LETTER XII.
 
SOUTH OF FRANCE.

Geneva, 27th August, 1816.

In my last I ran through the architecture of the middle ages in the south of France, and have now only a few observations to add of a more miscellaneous nature. The church of Nôtre Dame de Dom is seated on a rock which rises immediately from the Rhone, above the rest of the town, to the height of about 120 feet: all the remainder of the country to the east of the river, is a plain, bounded at a moderate distance by rugged hills, and beyond these by Mont Ventou, a bulky mountain, estimated to rise 6,000 feet above the Mediterranean. On the other side of the river, rocky hills come down to the water’s edge, crowned in several places with picturesque ruins. In the middle of the Rhone is a large island shaded with trees; and extending half way across the nearest branch of the stream, are the ruins of the ancient bridge of St. Benezet; the first perhaps of any consequence built by the nations of modern Europe. It was begun in 1177, during the most flourishing period of Avignon, when the government of that city was republican. Notwithstanding the expense of the erection, we are told that in 1179, the magistrates declared the inhabitants free from all imposts on that account. The bridge consisted of twenty-two arches, and was 1,200 paces in length; but like all ancient bridges, very narrow, the road-way not exceeding nine feet in width. Each arch is composed of four ribs, or series of vault stones, not bonded together. Like the Pont St. Esprit, it forms an elbow towards the current. On the first pier of the bridge is a chapel for the passengers to pay their devotions. This custom was probably derived from times when there was only a dangerous ferry, and travellers performed an act of piety, that they might not die unprepared. The old chapel was entered by a descending flight of steps, but as this was found inconvenient, a vault was inserted at half the height, and a new chapel built at the top of the old one; the first has a semicircular apsis with little columns, much like the Corinthian; the other is polygonal.

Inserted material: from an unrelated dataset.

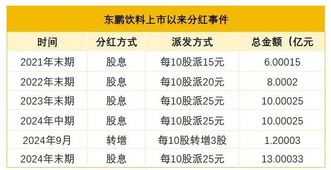 业绩节节高升,为东鹏饮料积蓄了充裕的"粮草",也奠定了公司豪气派息的底气。

When Louis XIV. visited Avignon, the inhabitants, to do him honour, spread the whole of the bridge with velvet, and covered it with a canopy of silk. They did it, perhaps, as sacrifices are performed to evil deities, in order to avert the mischief they may occasion: but Louis, struck with this appearance of wealth and prosperity, in a town which did not belong to him, and not to be propitiated by their hospitality, destroyed the bridge, surrounded the place with custom-houses, ruined its trade, and thus drove the manufacturers to other places; and the city, which once boasted a population of eighty thousand souls, is now reduced to less than twenty thousand.

Avignon was a republic from 1134 to 1251. The popes came here (Clement V.) in 1309, and abandoned it in 1376. Two sham popes were here till 1403, from which time Avignon was governed by a vice-legate, deputed by the popes, till the revolution, when it was finally taken possession of by the French, and I suppose stands no chance of being restored. Nor is it desirable that it should, since being inclosed in France, it must always be in effect, subject to the government of that country. There is a museum and a public library; and I visited the house of one gentleman in the place, who has a fine collection of casts, and some pictures; but I did not find any thing very interesting.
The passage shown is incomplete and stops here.